Now I see IOBuffer arrive. In order to avoid code bloat, wouldn't it be a better idea to integrate the functionality of IOBuffer into Buffer and just keep one? Or is the performance difference so strikingly great that this sounds like a bad idea?
Stephen R. van den Berg wrote:
The actual reason I beefed up Buffer a bit lately is *because* I need to do some protocol decoding of a byte stream.
Now I see IOBuffer arrive. In order to avoid code bloat, wouldn't it be a better idea to integrate the functionality of IOBuffer into Buffer and just keep one? Or is the performance difference so strikingly great that this sounds like a bad idea?
Ideally, IOBuffer should inherit from String.Buffer, for maximum code reuse.
Stephen R. van den Berg wrote:
Stephen R. van den Berg wrote:
Now I see IOBuffer arrive. In order to avoid code bloat, wouldn't it be a better idea to integrate the functionality of IOBuffer into Buffer and just keep one? Or is the performance difference so strikingly great that this sounds like a bad idea?
I've been tracking IOBuffer extensions back to String.Buffer, I'll present what I have shortly.

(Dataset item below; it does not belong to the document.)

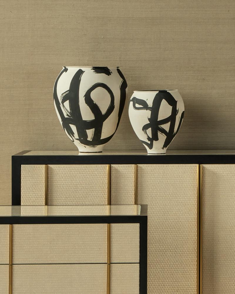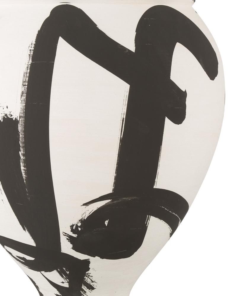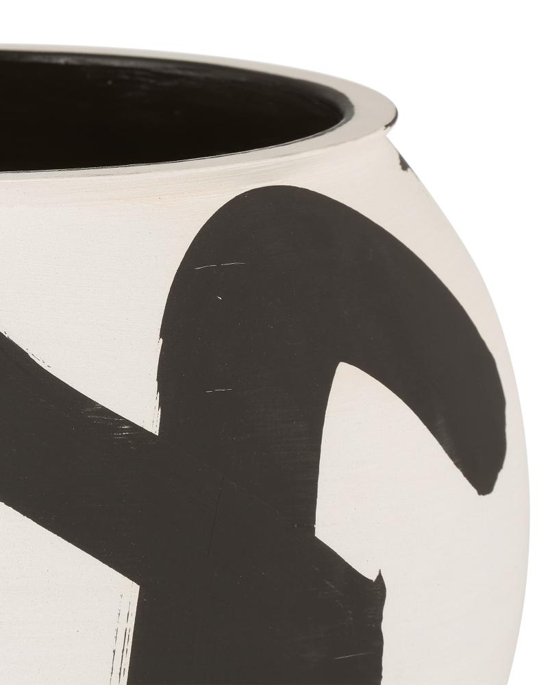 The sketched pattern on the surface of the Kenzo Medium Vase was inspired by the art of Imperial Japan, particularly the Enso, a prolific symbol in the Zen practice of painting. Made of porcelain, the black and off-white vessel is finished on the inside; and it is hand-thrown, hand-glazed, and hand-decorated so the patterns on each vase will vary slightly.

I suspect (but benchmarks will have to tell) that the String.Buffer implementation is not significantly slower than the current IOBuffer one (whilst supporting the full range of character widths).
However, reviewing the IOBuffer interface, I wonder about the following issues: - Isn't it prudent to drop set_error_mode() and simply implement this functionality (the throw()) using a custom range_error() override? - Why insist on lock()ing the buffer when subbuffers are active? Couldn't the code figure out by itself when a subbuffer exists and then decide on-demand and automatically when a copy needs to be made to transparently support the desired operation? And, in order to make the code throw errors when unintended copies are being made, we could implement a prohibit_copy() method (like read_only()) which makes the object throw errors as soon as it would need to make a copy to support some requested action.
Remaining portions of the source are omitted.